For the original example about innovation, nobody would ever put the modifier before the noun. The phrase “innovational acceleration” would never be considered as an option, so it was always going to be “acceleration of innovation”. And including “the rate of” makes it clear that the authors are discussing a concrete value, rather than an abstract concept.
The sentence as written is abundantly clear and precise in its meaning.
Hmmm…. I was not open to persuasion on this but you’re making a forceful case!
I still suspect that, if an economist *did* want to express that T”’ > 0 or T”” > 0, this would *also* be a reasonable way to express such a thought, so we are able to interpret this not because the phrasing is unambiguous, but because those meanings are just much less likely to come up in conversation than T” > 0.
That said, you’ve persuaded me that while this phrase is not *unambiguous*, it is perfectly *idiomatic*, not only in the colloquial setting, but in the technical one, too.

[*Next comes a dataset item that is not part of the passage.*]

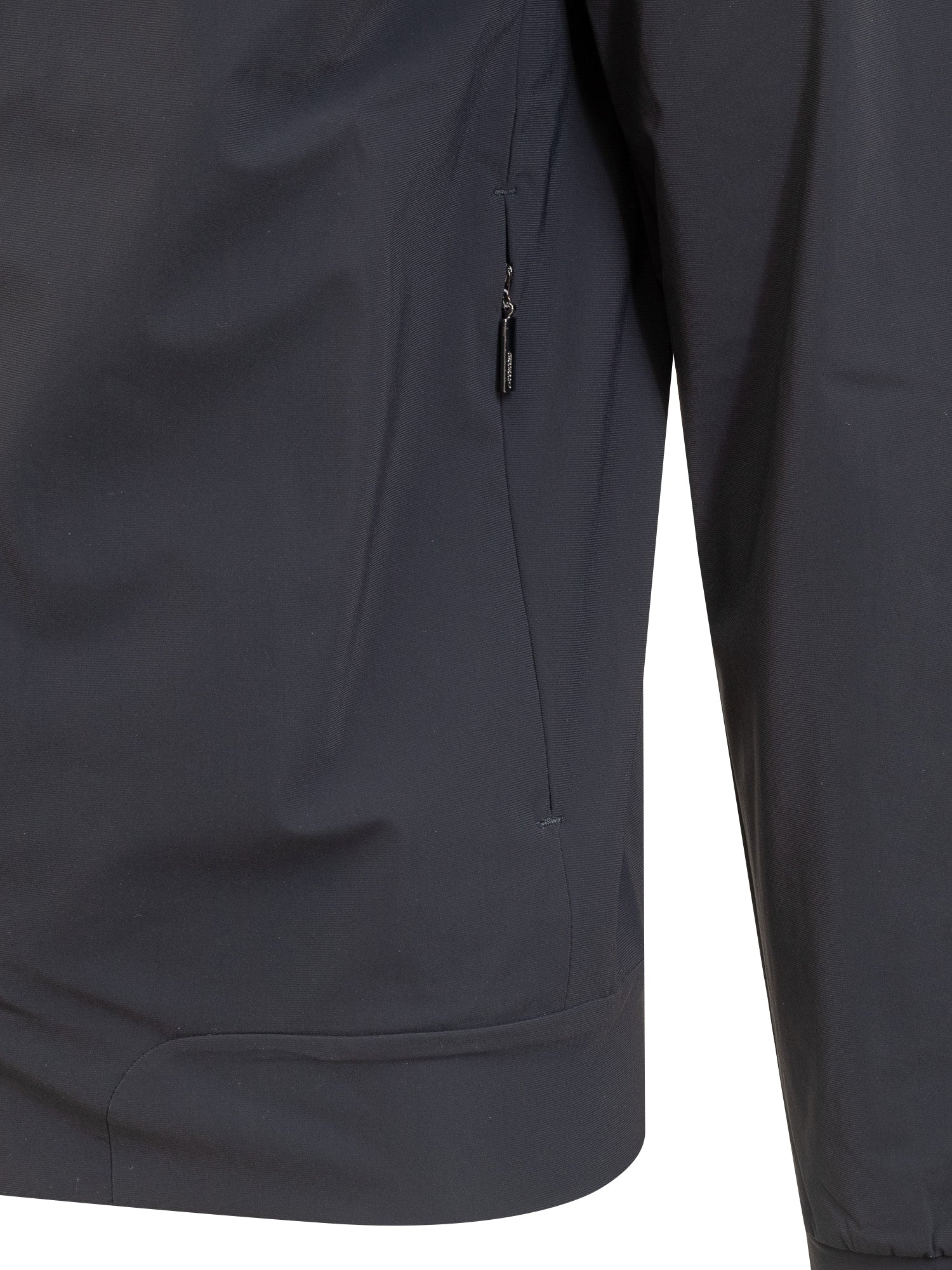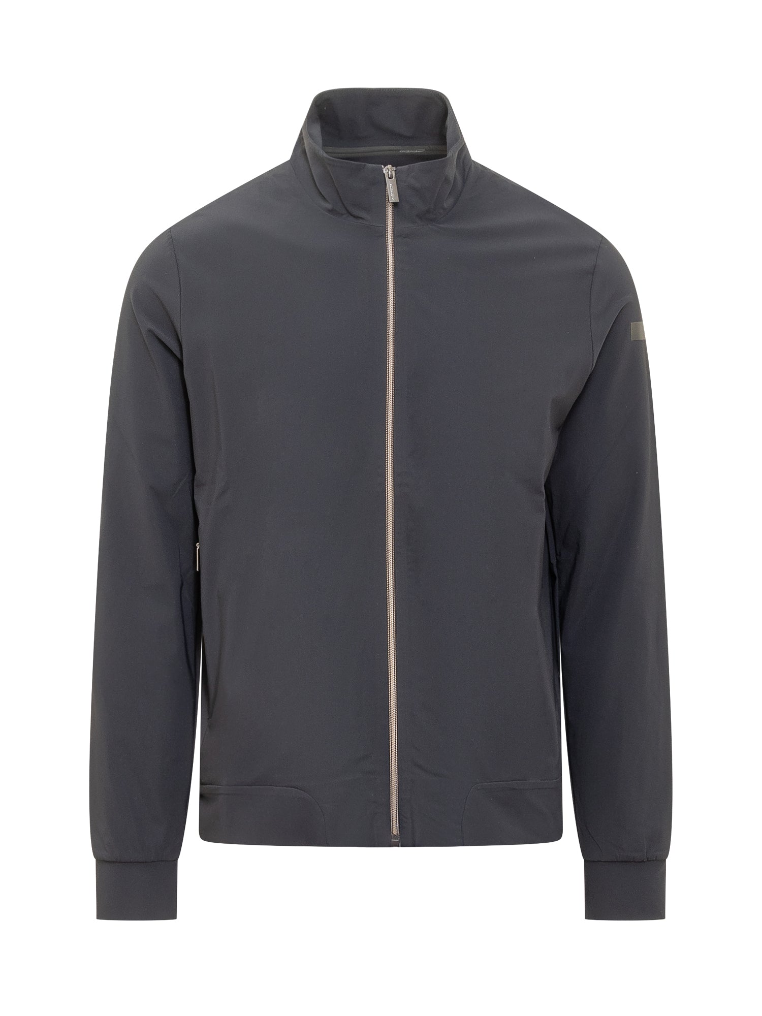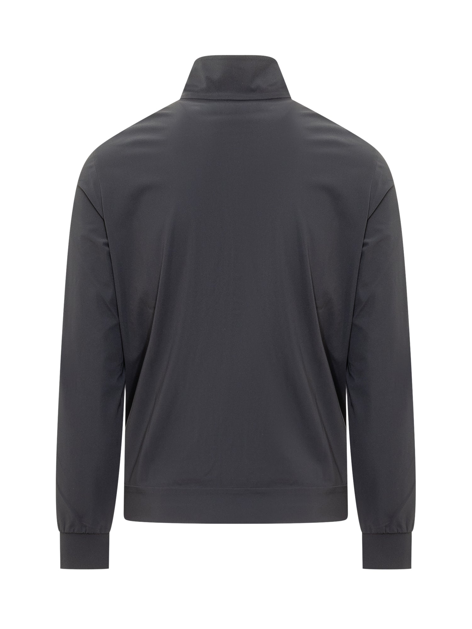 Long sleeved sweatshirt. High neck. Zip closure. Ribbed bottom and cuffs. Two pockets on the front. Logo applied on the sleeve.

So my charge that the phrase “literally, technically” means what Stephen says is, as you say, not right — better to say something like “it permits Stephen’s interpretation” or “we cannot strictly rule out Stephen’s interpretation.”
If I recall correctly, the classic example here is a 70s US president (Nixon?) stating that his administration resulted in a further decrease of the speed of growth of inflation or something along those lines…
Yes, that’s right! Wikipedia has the source: https://en.wikipedia.org/wiki/Third_derivative#cite_note-2
At the second derivative, I already see 3 quotes:
Acceleration of innovation = second derivative of innovation = T ’ ’ ’
Looks like the total is then 4 not 5?
Well, I think Stephen is right that innovation itself is already a derivative, T ‘.
The *acceleration* of innovation is the second derivative of this, so it adds two more derivatives: hence, T ‘ ‘ ‘.
But I think you’re probably right that the total is 4, since squeezing an extra derivative out of the phrase “the rate of” is cheeky at best.